Dann geh doch einfach mal tauchen...  ... und veringere den Abstand...

... desweiteren denke ich, das 500 Liter für deinen Stör zu wenig sind...


----------



## Mühle (10. Sep. 2007)

*AW: Stör verschwindet immer im Bodenablauf*

Hallo Holly,

durch einen Bodenablauf verschwindet ein 40 cm Stör, herrje  , meinst nicht, das die Öffnungen zu groß sind ?

viele fragende Grüße

Britta


----------



## sigfra (13. Sep. 2007)

*AW: Stör verschwindet immer im Bodenablauf*

Hallo Holly...


hat sich denn schon was getan ? ... 

... man liest nichts mehr... haste den Abstand der Deckel veringert ?...


----------



## holly1357 (13. Sep. 2007)

*AW: Stör verschwindet immer im Bodenablauf*

Hi,

keine ahnung wie groß der abstand von domdeckel ist.... ich denke mal um die 3 cm... mei ist halt so.... da wohnen einige fische drunter.... die katzenwelse haben da ihr zuhause.... blos die können rückwärts schwimmen und sind wendiger wie ein stör.... 

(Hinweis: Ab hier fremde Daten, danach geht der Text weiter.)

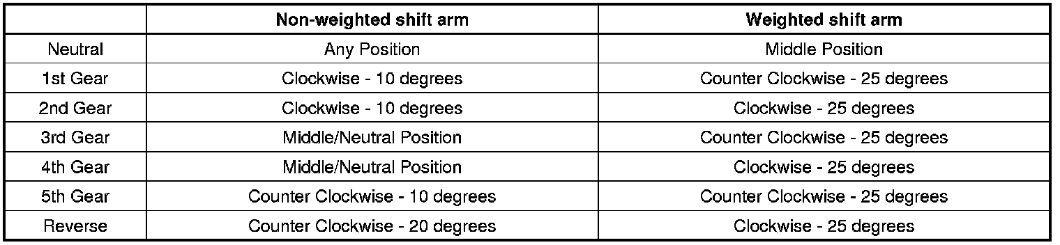 Shift Control Lever and Selector Control Lever Position/Rotation Specifications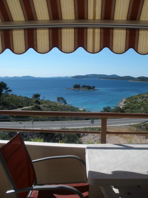 Ferienwohnung von ca. 30 m2 mit Blick auf das Meer und die Insel Krbelica.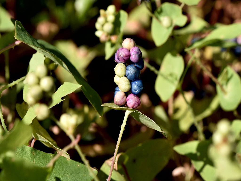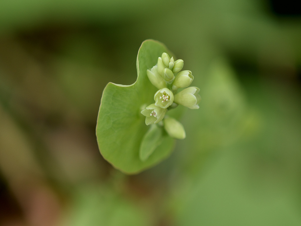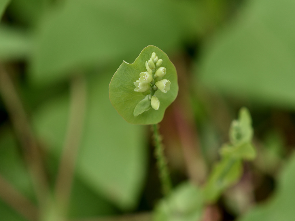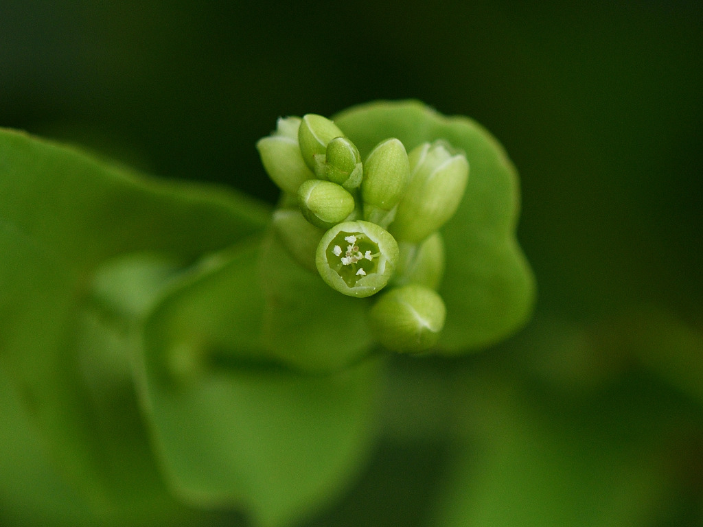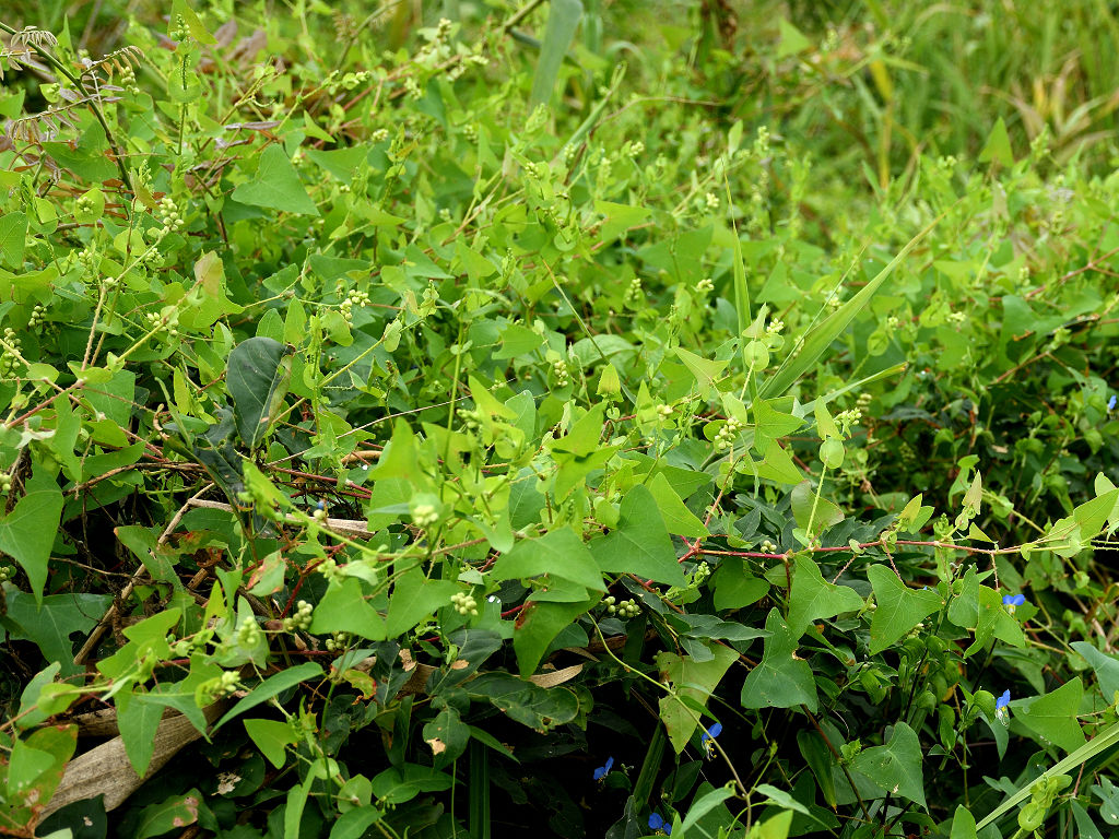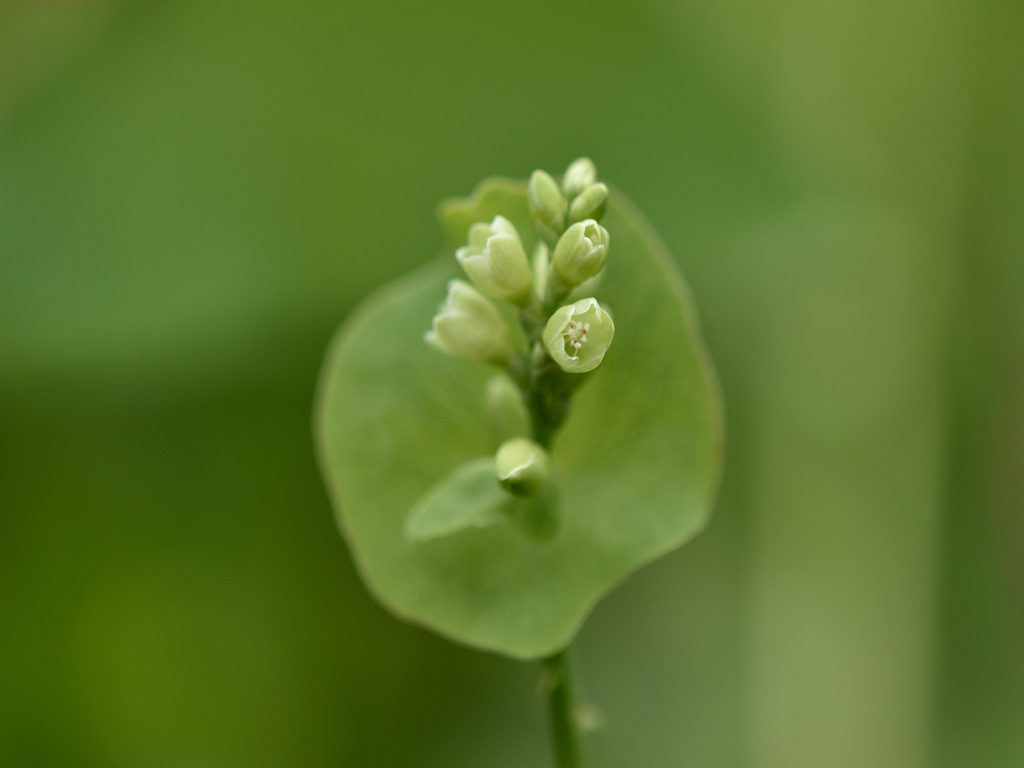 茎には下向きの鋭い刺(逆刺)がある。葉は三角形 枝先の丸い葉のような苞の上に花が10〜20個の小さな花序をつける。花は淡緑色で小さい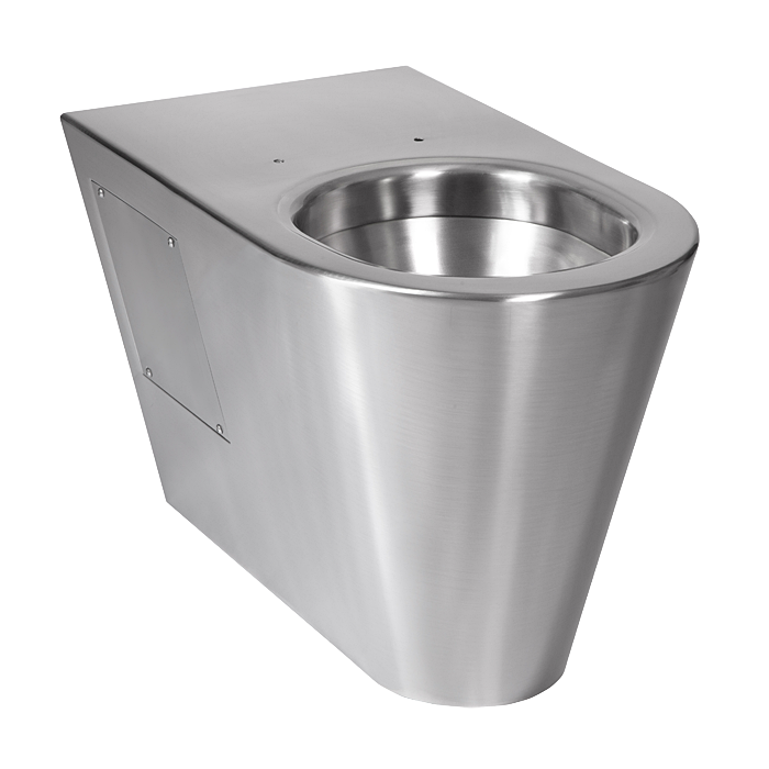 - stainless steel floor standing toilet, fixed to the wall and floor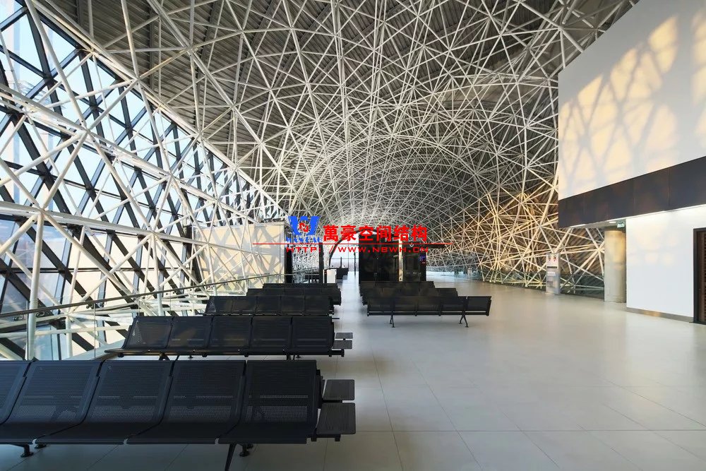 克羅地亞札格瑞布機場剖面也是筒形,結(jié)構(gòu)采用網(wǎng)架結(jié)構(gòu),但網(wǎng)架沒有外包。網(wǎng)架構(gòu)件和網(wǎng)架球節(jié)點直接暴露在近人的尺度,但從照片上看并沒有顯得很雜亂,這可能是因為結(jié)構(gòu)構(gòu)件和節(jié)點的尺度控制的很好,細而密的構(gòu)件顯得比較精細。

muß sagen ich habe öfter besuch im filter.... mein großer sonnenbarsch schaut so einmal im monat vorbei.... aber der kommt über den skimmer.... und die krönung war letzten vollmond.... da sind zwei koi, über ich schätze mal skimmer... denn durch den bodenablauf passen sie nicht, im ultrasive gelandet.... aber da hatte ich den noch nicht abgedeckt... da sind die dann auch rausgesprungen... waren zwei mit je 35 cm.... also schon was größeres.... mein sohn hat nur den radau in der früh gemerk und hat uns geweckt.... somit waren die gleich wieder im teich.... aber seitdem hab ich den sieve abgedeckt... .

aber der stör hat sich jetzt schon ein paar tage nicht meht im filter blicken lassen... aber in der früh der typische blick, und die frage.... hast du den albino schon gesehen??? das ist das komische... das nur er den weg in den filter findet....

appropos.. .domdeckel..... geht ihr monentan noch im teich tauchen????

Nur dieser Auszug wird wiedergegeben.